John Paulson has a problem—his own investors.
As long as it’s his problem, it could be a problem for all of us as well. Let me note that I have never met Paulson, but I certainly admire his skill at navigating the markets in 2008 and before then. Unfortunately, in 2009 and 2010, lots of other investors also admired his skills. His funds ballooned with new capital that he deployed into sizable positions in a number of companies—particularly a handful of gold stocks. This was all great on the upside, now his investors are disappointed with his recent performance, and they want their money back. To give them back capital, he has to sell something. The problem is that he has a number of concentrated positions, if he sells, the prices will collapse and his performance will again suffer which will create more redemption pressure and force him to sell more shares. It’s a vicious cycle that isn’t easily broken once it starts. It only ends when it finally runs its course. It sure is annoying to be a shareholder in anything that he owns while it is ongoing.
I had this same situation happen to me in 2008. It’s amazingly frustrating. Not only are you faced with bad performance, but your own investors are the reason for the performance. I will never forget these conversations.
INVESTOR: You’ve had incredible success during the past 5 years—that’s why I invested with you. Now you’re down for 2 quarters in a row and I want all my money back.
ME: So you gave me money last year because I had a great 5-year record, but now you want to redeem me because of 6 months of statistically random noise in the markets?
INVESTOR: Pretty much… My accountant will tell you where to send my money.
ME: But you realize that our fund only owns about 15 positions. 5 positions make up more than half of the fund. In many instances, we own more than 10% of the shares of these companies.
INVESTOR: Not my problem, that’s for the suckers left in your fund. I want to get out BEFORE those guys see a downward spiral of redemptions pushing the prices of your positions lower.
ME: … But it’s you and a few other investors that are causing this whole downward spiral by forcing me to sell shares of illiquid companies into a market that is in collapse (remember; this is the fall of 2008).
INVESTOR: Sorry, but if I don’t do this, someone else will do it to me. I gotta beat them. By the way, why is your performance so bad this month? For the past six months, you have been down a bit, but the market has also declined. You’ve SUBSTANTIALLY underperformed this month, that’s unusual for you.
ME: Maybe it has something to do with redemption requests that are forcing me to sell shares as a bunch of my investors try to beat each other out the door. It’s pretty obvious that we’re pressuring these share prices in order to make good on your redemption request.
INVESTOR: So, I’m the reason for the decline this month in the fund’s NAV?

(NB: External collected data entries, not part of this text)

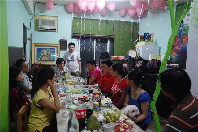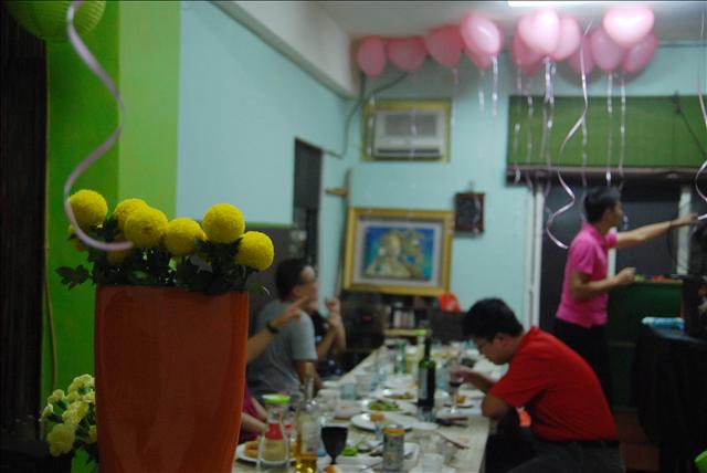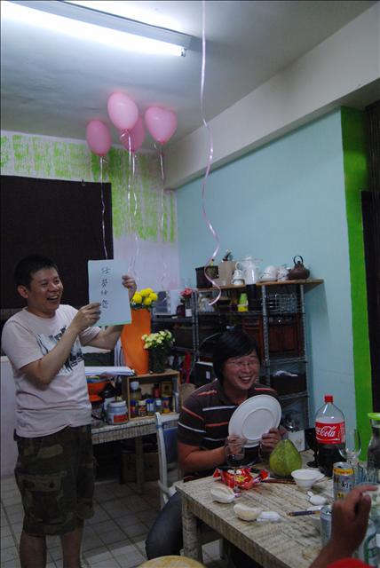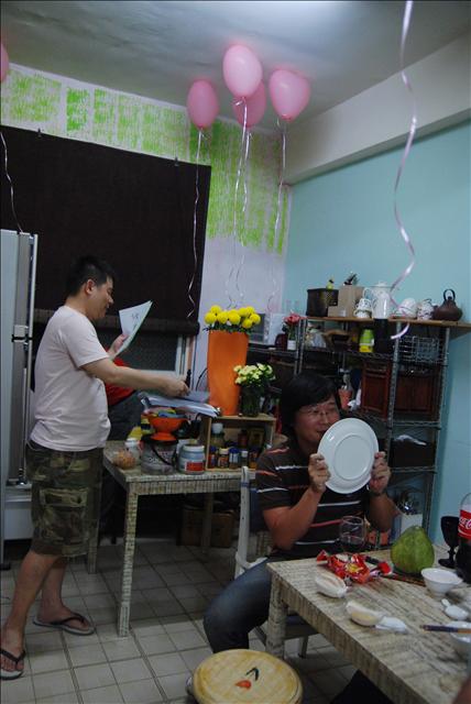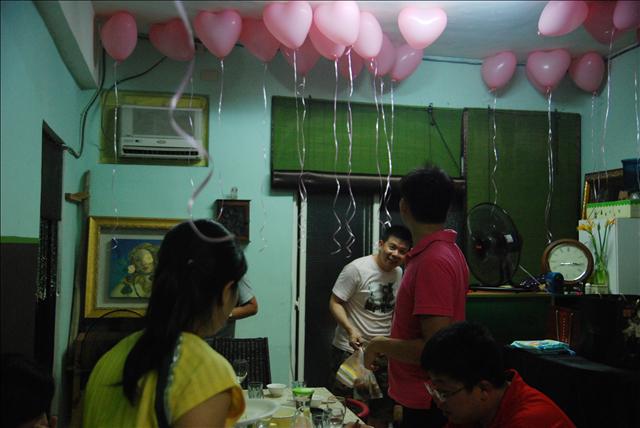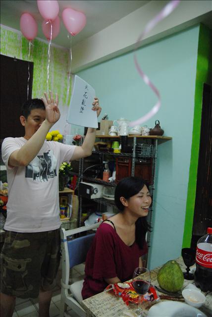 還布置了粉紅色心型氣球,是下午跟咪咪去氣球店買來的,原來氣球充氣不能超過十小時,超過十小時會自動消氣。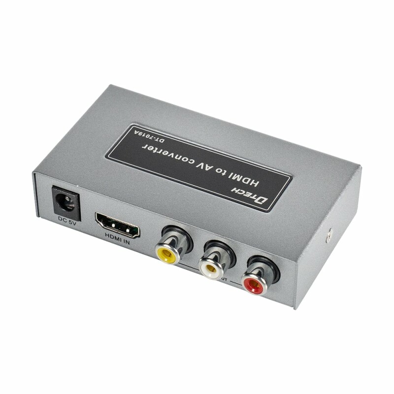 Конвертер відеосигналу HDMI-AV Dtech DT-7019A – перетворювач для конвертації високоякісного HDMI-сигналу на композитний відеосигнал AV (CVBS) та стереоаудіосигнал FL/FR. Цей пристрій дозволяє перетворити відеосигнал високої чіткості з HDMI-джерела на стандартний CVBS-сигнал, що підтримує формати PAL та NTSC.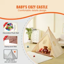 This kids’ play tent isn’t just functional – it’s beautifully designed with adorable plush decorative balls that add a whimsical touch. A soft, damp-proof mat provides extra comfort and protection, so your child can sit, crawl, or nap without worry. These thoughtful details make the tent both stylish and practical for any playroom or backyard setup.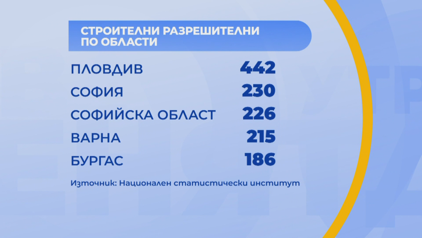 Най-голяма продължава да е активността в Пловдив – градът води класацията с 442 нови разрешителни и близо 3800 предстоящи жилища. В морските градове и около столицата също се вижда оживление - София-град, Софийска област, Варна и Бургас, а Благоевград влиза в челната петица с 445 нови жилища.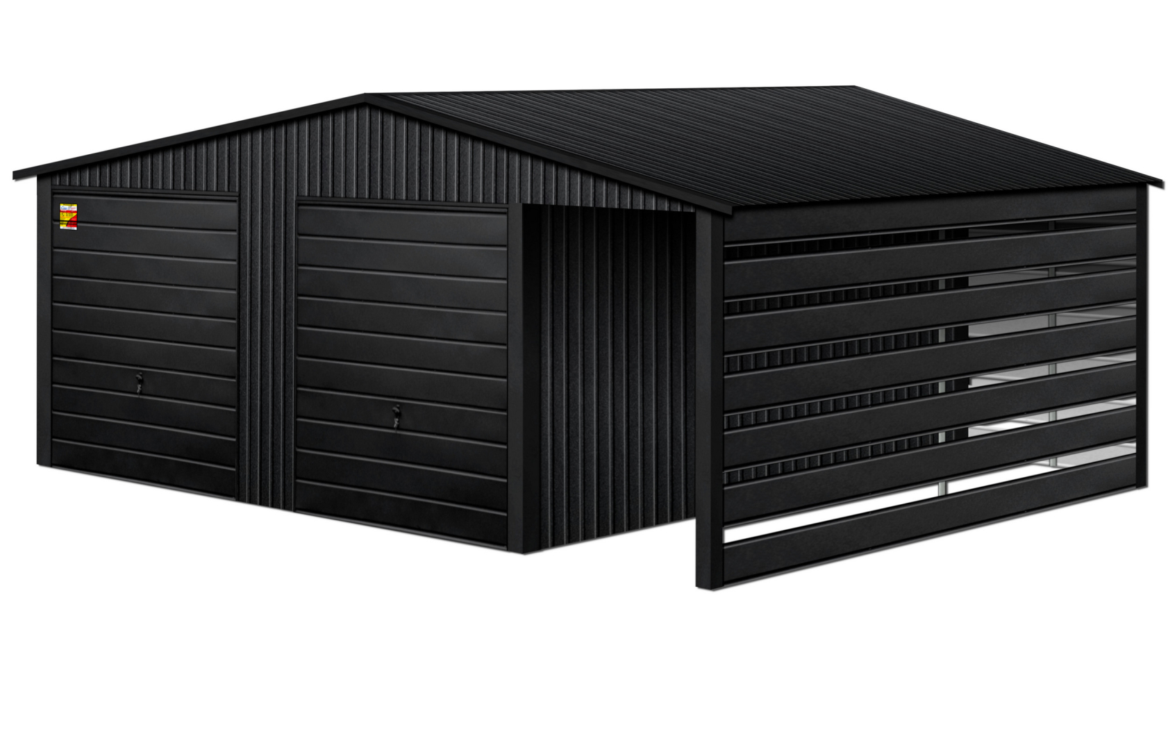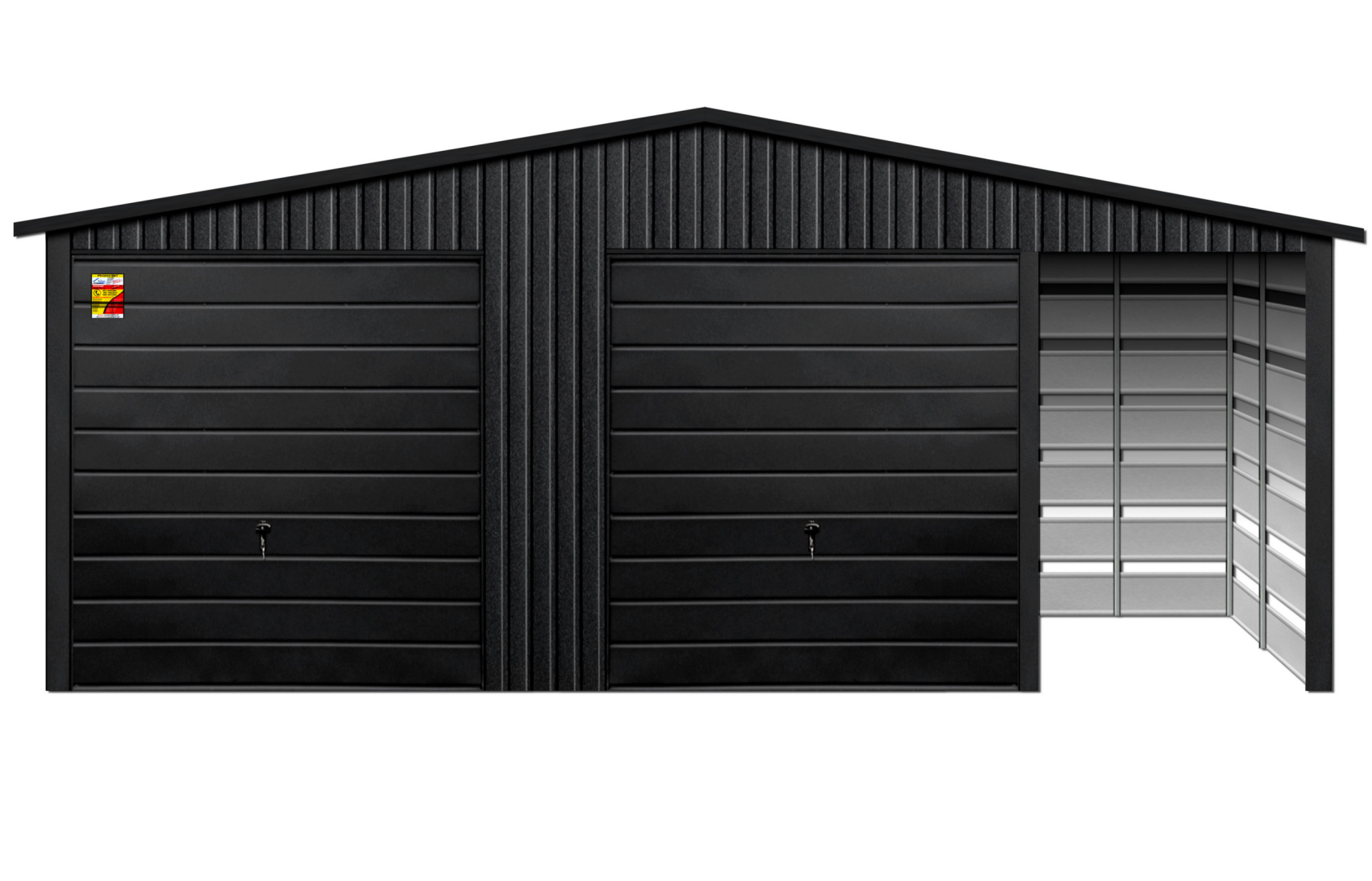 GARAŻ LUX 9X6 Z WIATĄ SMK – DWUSPADOWY DACH, BRAMY UCHYLNE, OKUCIA BLACHARSKIE DACHU I NAROŻNIKÓW
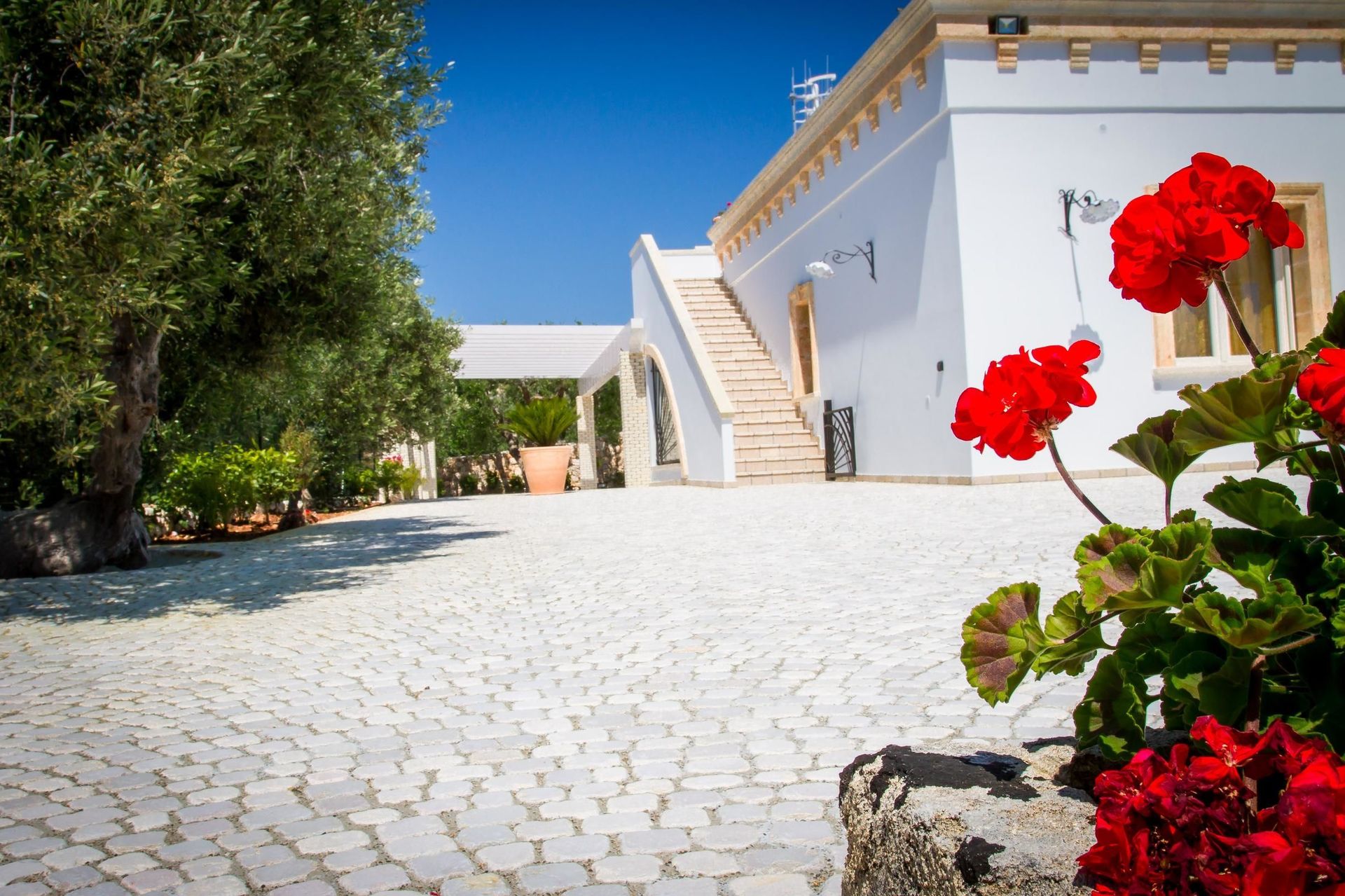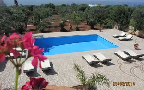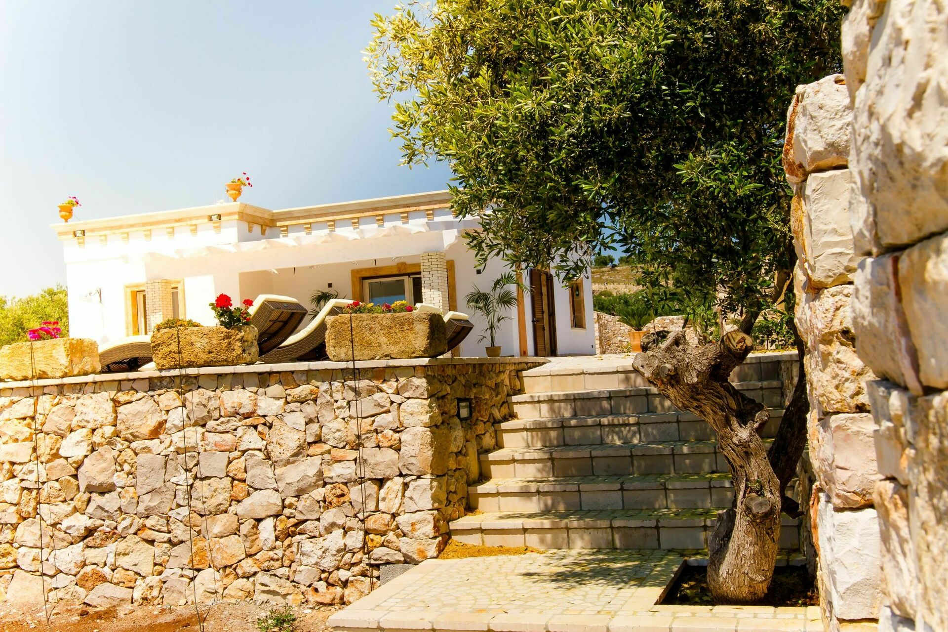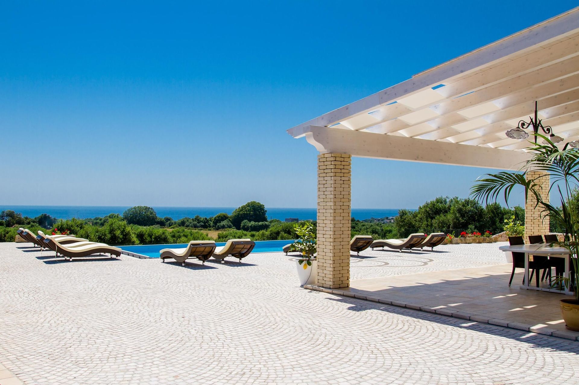 Located in the town of Santa Maria di Leuca, the stunning villa sits inside a large garden and overlooks panoramic sea views.

ME: Yes, you and about 10 other guys.
INVESTOR: What are your biggest positions? I want to hedge them out (investor speak for he wants to short the things he knows we need to sell. He’s trying to game the fund at the disadvantage of the other investors).
ME: Sorry, I’m not disclosing anything that’s not already in our public filings.
INVESTOR: Well, I need to find a way to get out before my own redemption hurts the value of my investment.
ME: You realize that if you just sit tight, everything will be fine.
INVESTOR: …but if everyone else gets out and I don’t, I’ll get fired. Good luck. Nothing personal….
There’s a reason that I no longer accept new investors in my fund. After 2008, I simply had enough of my investors trying to harm other investors through their actions. When your numbers are good, you get a lot of performance hogs, when times are tough, those same investors are the first to leave—but when they leave, it’s a nightmare because they all go at the same time.
Paulson will continue to make denials, but I’m sure he’s facing redemptions. At the end of 2011, a number of his larger positions were heavily pressured into year end. The same thing is happening at the end of this quarter. Guys want out, and he’s forced to sell things that he doesn’t want to sell. If you own these positions, it’s frustrating. You can buy the bargains caused by this selling, but in three months, the whole cycle may start again. Even worse, there are guys with the inside details of who’s redeeming what and what will get sold. These guys are actively shorting these shares. They’re trying to force them lower. They’re trying to hurt Paulson’s performance and get the holders in the funds to redeem. Then they can cover on the cheap. At the very least, these guys want to short out their exposure to the more illiquid positions that Paulson owns. This cycle can go on for quite a few more quarters.
You can count on guys shorting Paulson’s book. Until the redemptions end, you will see continued selling pressure. Be careful owning companies with big potential overhangs. Also remember, forced selling creates opportunities.